The US Senate has failed to recognise India as a “global strategic and defence partner” of the U.S. after a key amendment necessary to modify its export control regulations could not be passed.

  • A republican senator had recently moved an amendment to the National Defence Authorisation Act (NDAA-17) which if passed would have recognised India as a global strategic and defence partner.


The U.S. had recognised India as a “major defence partner” during PM Modi’s recent visit to the country.A joint statement issued during the visit supported defence-related trade and technology transfer to the country which would now be treated on par with America’s closest allies.


The NDAA was recently passed by the Senate. But some of the key amendments including the (SA 4618) — even though they had bipartisan support — could not be passed by the Senate. It is a $602 billion defense authorization law. The bill includes among its many Pentagon reforms a provision requiring women to register for the draft.

Sources: the hindu.


Facts for Prelims:


  • International Agency for Research on Cancer (IARC), an agency of the UN’s World Health Organisation has said that drinking very hot coffee and other drinks “probably” causes cancer of the oesophagus. However, the agency has indicated that coffee served “normal serving temperatures” would do no harm. It is dangerous if consumed hotter than 65 degrees Celsius.


  • The Union Cabinet has approved the merger of State Bank of India (SBI), the country’s largest lender, and its associate banks. The merged entity will have an asset base of about Rs.37 lakh crore, with nearly 24,000 branches and about 58,700 ATMs across the country as of March 2016. Associate banks to be merged are- State Bank of Bikaner & Jaipur, State Bank of Hyderabad, State Bank of Mysore, State Bank of Patiala and State Bank of Travancore.
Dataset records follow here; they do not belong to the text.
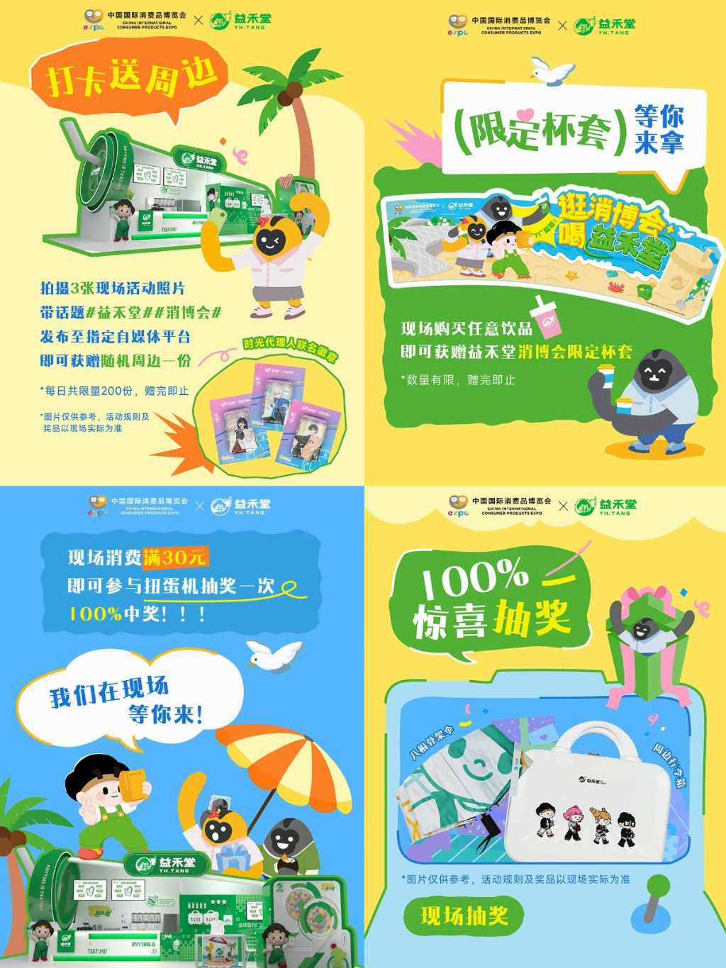 为强化"与年轻消费者互动"的定位,益禾堂在活动期间推出两大核心玩法:消费者拍摄3张现场照片带话题#逛消博会喝益禾堂#发布社交平台,即可获赠限量周边每日200份的限量机制引发打卡热潮;消费满30元参与扭蛋抽奖的设计,通过mini行李箱、联名杯具、堂堂帆布包等多款潮品制造持续惊喜;特别定制的消博会联名杯套更成为社交平台晒单焦点。这些精心设计的触点,将品牌主张转化为可感知的消费体验,成为展会现场最具辨识度的社交货币。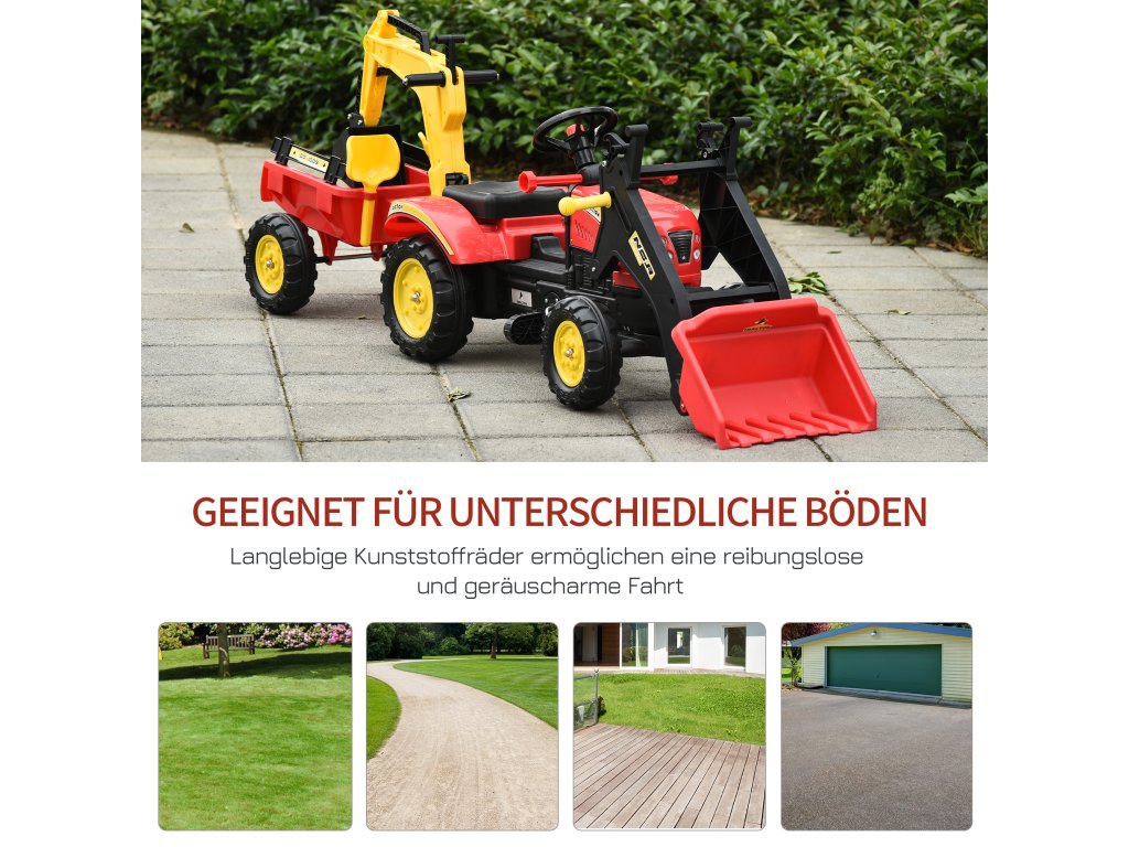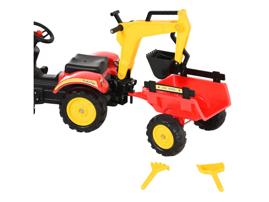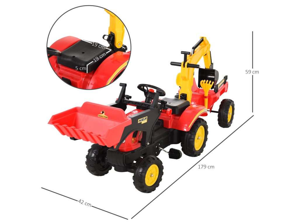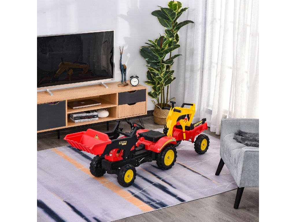 HOMCOM Šlapací traktor s přívěsem, čelním nakladačem, nastavitelnou lopatou, šlapací traktor pro děti od 3 let Červený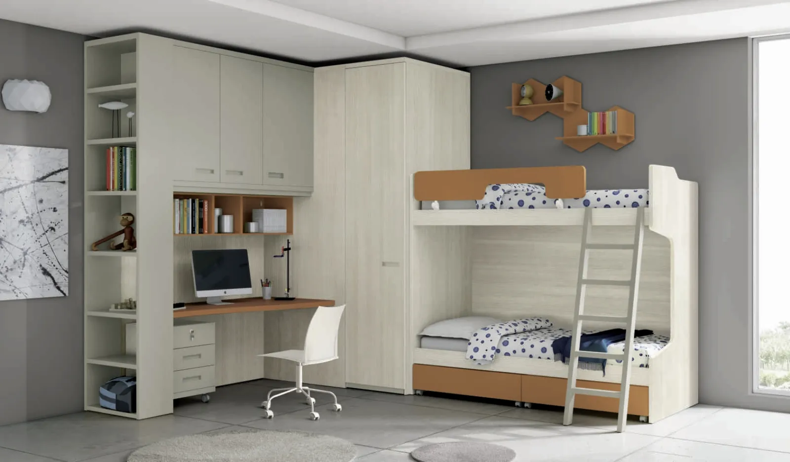 Scopri la collezione di Camerette con letti a castello della marca Spagnol Mobili, leader nel settore Arredamento Casa. Se vuoi funzionalità ed ergonomia, colori vivaci e conformazioni dinamiche per la cameretta dei tuoi bambini, questa soluzione in melaminico fa per te.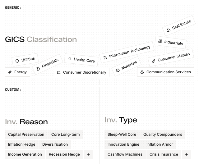 Classify holdings beyond the obvious—by themes, business models, revenue drivers, or risk attributes. Get a deeper map of your portfolio without manual tagging.
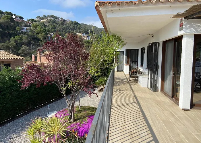 La Villa Casa Namar - Costa Brava Lloret de Mar, situada a 3 km de la Cala Llebadó, ofrece una terraza con vistas a las montañas. La casa de vacaciones cuenta con una piscina y se encuentra a unos 10 minutos en coche de la Iglesia de Sant Roma.

  • The cabinet has given its nod to the signing of an Air Services Agreement between India-Taipei Association in Taipei (India’s representative office in Taiwan) and Taipei Economic and Cultural Centre in India (Taiwan’s representative office in India) got the nod. The Cabinet has also given its ex-post facto approval to the Memorandum of Understanding (MoU) between Taipei Economic and Cultural Centre in India and India Taipei Association in Taipei, for cooperation in agriculture.


  • The Cabinet has given its approval for the enhancement of the age of superannuation of non-teaching and public health specialists of the Central Health Service (CHS) from 62 years to 65 years and doctors of General Duty Medical Officers sub-cadre of CHS to 65 years of age.
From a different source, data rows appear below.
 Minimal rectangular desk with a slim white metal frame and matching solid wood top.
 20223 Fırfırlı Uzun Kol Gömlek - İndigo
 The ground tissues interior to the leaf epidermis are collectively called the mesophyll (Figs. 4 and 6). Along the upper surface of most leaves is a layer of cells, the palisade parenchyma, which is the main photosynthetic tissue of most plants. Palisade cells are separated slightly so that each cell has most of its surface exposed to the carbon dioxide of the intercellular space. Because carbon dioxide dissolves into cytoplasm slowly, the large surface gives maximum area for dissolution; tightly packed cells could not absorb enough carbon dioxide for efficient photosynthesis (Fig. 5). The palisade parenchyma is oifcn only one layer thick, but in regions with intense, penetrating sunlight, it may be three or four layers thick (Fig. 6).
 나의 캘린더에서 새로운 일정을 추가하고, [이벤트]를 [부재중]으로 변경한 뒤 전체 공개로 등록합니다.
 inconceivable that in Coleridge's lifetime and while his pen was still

  • An ex-post facto approval for a pact on labour cooperation between India and Saudi Arabia and a 10% disinvestment of paid-up equity in Housing and Urban Development Corporation were also cleared.
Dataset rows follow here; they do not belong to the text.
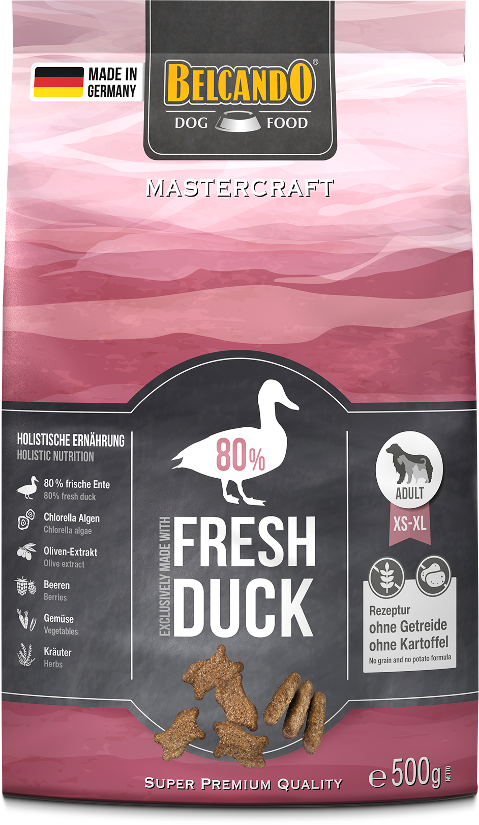 Mit BELCANDO® MASTERCRAFT schmeckt Ihr Hund den Unterschied. Da unsere Rezepturen aber nicht nur ausschließlich viel frisches Fleisch enthalten, sondern auch erlesene pflanzliche Zutaten, sind sie hervorragend verträglich. Die wertvollen Nährstoffe aus Gemüse, Kräutern und Beerenmischungen ergänzen das frische Fleisch auf sinnvolle Art und entsprechen dem natürlichen Ernährungsmuster unserer Hunde.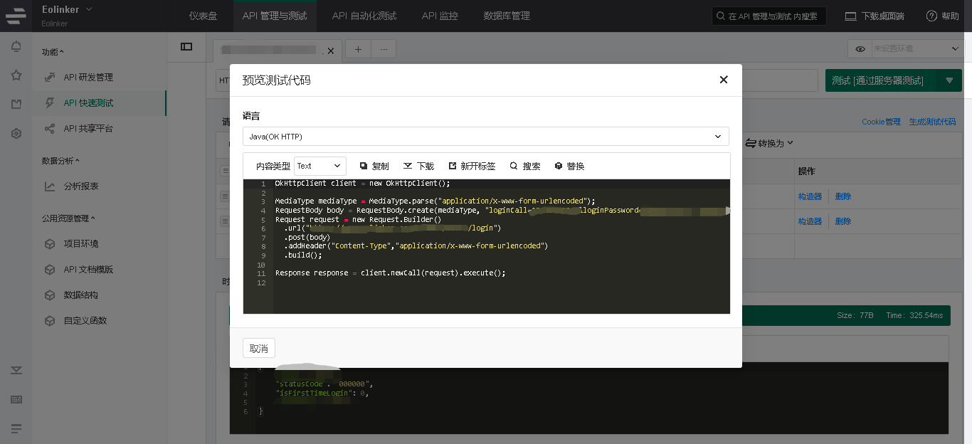 另外,eolinker还提供了快速生成测试代码功能,点击cookie管理右侧的生成测试代码按钮,可以设置生成多种语言测试代码,使用起来非常方便且易上手。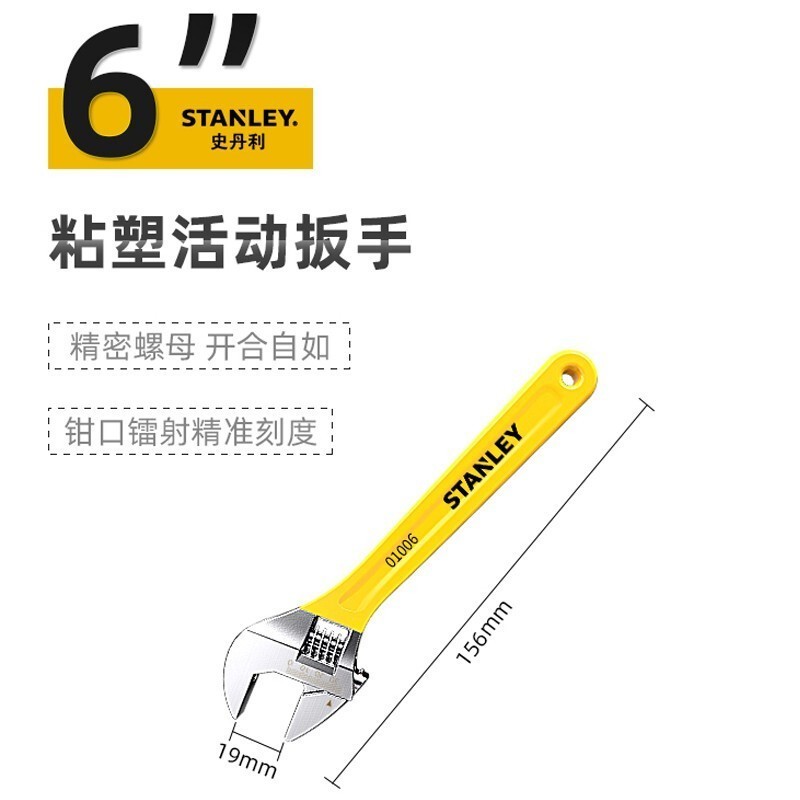 史丹利(STANLEY)B系列沾塑柄活动扳手多功能汽修车机修活络扳手开口扳手 STAD01008-23 (8英寸)

  • India and Cote D Ivoire have inked an agreement to re-establish the headquarters of the Exim Bank in Abidjan after a gap of nearly two decades. The agreement was inked in the presence of the Presidents of India and Cote D Ivoire — Pranab Mukherjee and Alassane Ouattara. Cote D’Ivoire (also known as Ivory Coast), a francophone country, is the biggest producer and exporter of cashew nuts to India which procures nearly 80% of their total exports. It also leads the world in production and export of the cocoa beans used in the manufacture of chocolate, supplying 33% of cocoa produced globally. Meanwhile, President Pranab Mukherjee has been accorded the highest honour of Cote D’Ivoirie by its President Alassane Ouattara on his maiden visit here.


  • In a first, an instrument onboard an orbiting spacecraft has measured the methane emissions from a specific leaking facility on Earth’s surface. The observation — by the Hyperion spectrometer on NASA’s Earth Observing-1 (EO-1) — is an important breakthrough in our ability to eventually measure and monitor emissions of this potent greenhouse gas from space.